Strange world is the adult life, when a comrade who wants to bring about paradise on earth indulges in child molestation, when a mother who should take care of her child entrusted him to a total stranger so she could be free to protect other victims, when the institution, which is supposed to save the world, sanctions the crime with the excuse that, “Everyone has a problem in capitalism.” And the world is unbearably cruel when the child feels that his father “would judge the same.”


Saïd innocently accepts his father's absence and follows his mother, continues his life, and reaches his destiny. Sometimes he obeys, sometimes he defies, sometimes he avoids, sometimes he circumvents, sometimes he ignores; nevertheless, he never evades trying to make a sense of it all, if not then, sometime in the future. And surely, he does it so well.


I have rarely come across anyone who could explain the inexplicable so well, one who sees so deeply the nature of this kind of blind devotion and steadfast zeal towards a promise, just a promise, better than Saïd Sayrafiezadeh. And I have never come across anyone who had come to that realization so patiently and so compassionately as he does. Recalling his memories so vividly, he takes us with an immense generosity to the dark parts of his life, without shame, without guilt, without bitterness, without rage or anger. There is no sense of blame or regret in any of those tales, since he has learned the futility of it in adults deceiving themselves by placing all the responsibility on a “sad missing” point in the history, on a thin line decision, or “if only it had been otherwise.”


His story is the celebration of life, a walk towards liberation with open eyes, embracing freedom, and untangling himself from the vacuous balloons of the false promises tied to him to prevent him from landing safely on the ground, all grand, giant and majestic. The father is a god-like figure above all. It is only in the course of few meetings and one letter he received from him that he turns gradually into a mere bullying brat, best illustrated in the Persian restaurant in the Garment District. He is trying to tell Saïd about the garment industry's history, of which he is ignorant, and when he orders Chardonnay, he does not know it from Red or Rose wine. Yet he knows how to thoroughly maltreat the waitress. And the mother, who has a saint-like self-sacrificing nature, desperately quits her job, Party, and life, all at once, admitting she has failed them all.

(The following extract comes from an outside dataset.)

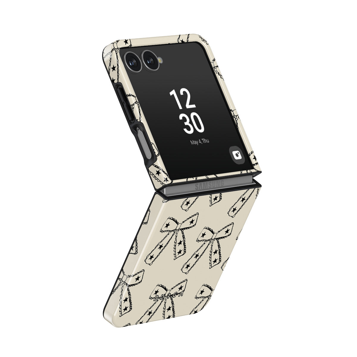 Shine on, Lone Star. Starry bows on a beige background bring a fun twist to your look. This Samsung Galaxy Z Flip 7 phone case design is ideal for those who march to the beat of their own drum and make their own fashion rules.

And finally, ideas, and the reflections of the giants, Marx, Engels, Lenin, and Castro, that are so faithfully collected into heavy volumes and sacredly placed on bookshelves? He finds out, when he opens them, that they had never been read. Much later, he notices that if there were anything to be learned from them, it was only what was written on their covers!


Free from all the bubbles, our little prince lands safely on the ground. The landscape may not be as green as he had imagined as a child, and skateboards are not free at all, but there is enough beauty to be enjoyed. With exceptional wisdom, he simply lives in the reality of life and looks out for real happiness where he can find it. And he finds it, right in the office of Martha Stewart's Living, where he designs labels for potted plants, and on the rooftop of his apartment building, observing Manhattan skyline.
It is a book that should be read by all, Iranian, non-Iranian, young or old, left or right. Just make sure to read it on a weekend when you have no appointments; it is impossible to put down.


And yes, the author is Iranian. Well, in reality, only half, but so what, let's claim him fully. He is generous enough to let us to have him all. Am I right Saïd?




P.S.: Reading this book, and knowing Saïd's father—I met him only once at our home, but have heard about him a lot—and knowing his generation well enough, I am sure that his ideal writer should be Maxim Gorky and his favorite selected book should be the Gorky's Mother. It is such an irony that his son turned into such a brilliant writer, amazingly brilliant indeed, and writes a book which is a reversing mirror reflection to that of that work. Given that they are only one century apart, I 'm wondering if Gorky was that wrong, or are we the misguided ones, or if the world has changed so much.